793.94/839: Telegram

The Ambassador in Japan (Morris) to the Acting Secretary of State

Your June 11th, 5 p.m. The situation in China is giving the Japanese Government serious concern. The efforts of Foreign Office officials to minimize it when talking to me do not succeed in concealing their nervousness. Hara, I believe, [omission] familiar with developments of the past month and is considering what course he ought to pursue. He feels that the attitude of the British-American groups in China renders it more difficult for him to lead the Japanese governing forces toward a policy of reconciliation with China. On the other hand, the military party apparently inaugurating increasing disorder in China and hopes it may force some form of intervention. Only thus can it hope to regain some of its lost prestige. I observe nothing which indicates any political crisis here. Thus far Hara has the situation well in hand and Tanaka, the War Minister, is working with him. The rice shortage may lead to social unrest and disorder but the Government is grappling with the problem and is reported to be formulating remedial measures.

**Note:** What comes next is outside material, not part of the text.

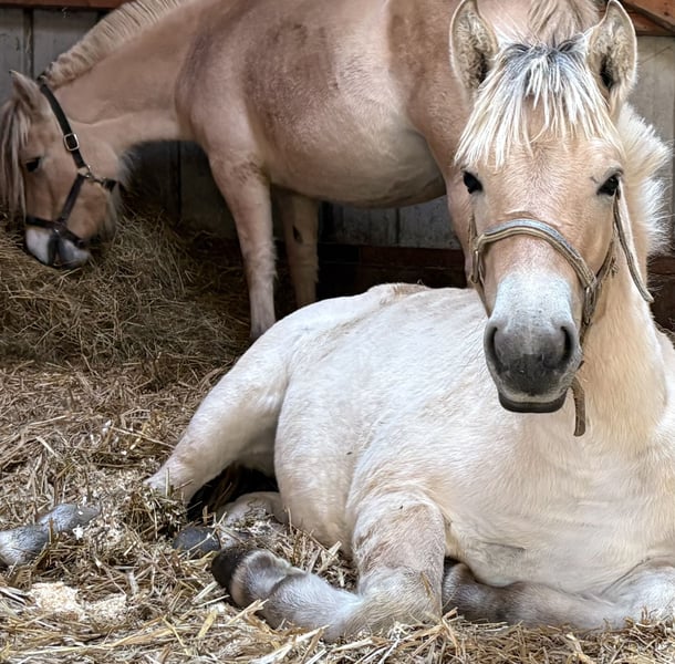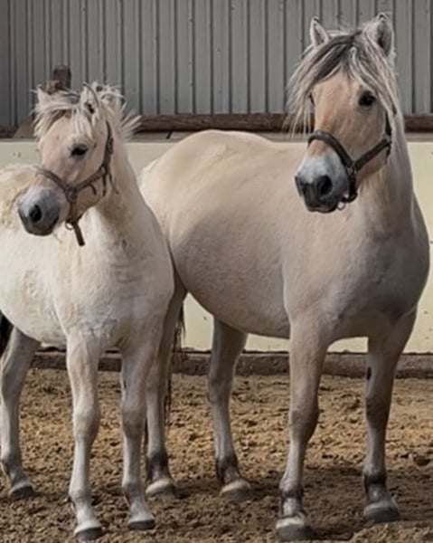Three (4) Norwegian Forest Horses for sale. - Very attractive and sweet 6-year-old Norwegian mare with good pedigree (MOSEGÅRDENS HAUGE / GOLF GUDENÅ) and her 6-month-old filly are looking for a new home. Approximate height: 1.44 m. The mare is currently pregnant by the same stallion (DIRCH SKOVÅ). Accustomed to outdoor paddock keeping and compatible within the herd. Very people-oriented and friendly. She was ridden before her pregnancy. Price for the pregnant mare and foal together: €7,900 Pregnant mare alone: €5,900 Foal: €2,900 - Beautiful, friendly 1.5-year-old Norwegian gelding with papers. Sire: Model Skovå Dam: Malik Klattrup Very people-oriented and friendly. Compatible within the herd and raised in a mixed herd in an outdoor paddock environment. He has full papers and will reach approximately 1.45 m at full height. Price: €2,900 To be sold to a good home.

My French colleague recently showed me the telegram referred to. He did not use the phrase “popular uprising” but stated that the Government here feared that the Chinese boycott, added to the scarcity of rice, would “increase the social unrest which has been fermenting for some time.” In this statement I concur. How serious this unrest will become during the next four months depends, in my judgment, on how far Hara is permitted to go in the application of more liberal policies, foreign and domestic.